And if someone habitually gets a particular name wrong in precisely the
same way that a violence-threatening troll habitually does (not Richard
Riley, I hasten to add, but this Antoninus Twink character that everyone
is treating so seriously), then it's hard to avoid the conclusion that
we're dealing with a sock puppet.

Joachim Schmitz · Oct 8, 2007

Richard said:
What a ridiculous argument.

Indeed. Not mine though but Antonius'...
It is definitly easier to read. Yes it could have been written more compact,
I esp. disliked the "return t;" in 2 lines and with a different brace style
one could save another couple of lines and still keep it simple.

It doesn't fit my source window in gdb for a start.

esp. in a debugger it is much easier to follow the flow if not everything is
done in one line

Why 20 lines when it can be 4 perfectly eligible, efficient lines?

see above, because it is easier to debug.
For that reason I liked your improvement to Antonius' version (moving the ++
part into the otherwise empty body of the loop).

Don't defend code just because of the source.

?? You mean RH being the source and I defend it because of that? Or what
else are youn trying to say here?

The second version is
superior for production level code in at least two ways:

1) screen real estate (this IS important in the real world).
2) less library calls. less to worry about IMO.

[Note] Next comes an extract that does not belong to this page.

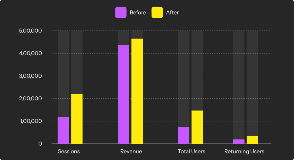 - +103.67% Returning Users - We didn’t just attract new visitors, we got them coming back for more.

We're talking about one call to strcpy, which in a decent implementation is
lightning fast and higly optimized, so saving it doesn't really save much.

Bye, Jojo

Joachim Schmitz · Oct 8, 2007

Antoninus Twink said:
That's indeed easier to read, though it's always satisfying to write a
loop with no body

Try to resist the temptation, it's hard, I know...

Bye, Jojo

santosh · Oct 8, 2007

Richard said:
santosh said:

Richard said:

[ ... ] heatjfield suggested [ ... ]

Click to expand...

What is it with people mangling Richard's surname?

Click to expand...

It's sheer ignorance. Getting someone's name right is a basic mark of
respect, which is why I *always* take care with names - I hate getting
them wrong, and have done so only rarely. "Kylheku" and "Dijkstra" are
two that I've got wrong in the past, but I always get them right now.

If someone continually gets a name wrong, it's a reasonable sign that
they consider that person to be not worth the bother of taking trouble
for. Richard Riley's inability or unwillingness to take out a second
or two to get my name right is therefore suggestive. And if he is so
short of time and care when composing Usenet articles that he *doesn't
even have time to get my name right*, I see no reason why I or anyone
should accord his hurried, careless views any weight. Furthermore, I
would venture to suggest that there *may* be a correlation between
those who write hurried, careless Usenet articles and those who write
hurried, careless C.

And if someone habitually gets a particular name wrong in precisely
the same way that a violence-threatening troll habitually does (not
Richard Riley, I hasten to add, but this Antoninus Twink character
that everyone is treating so seriously), then it's hard to avoid the
conclusion that we're dealing with a sock puppet.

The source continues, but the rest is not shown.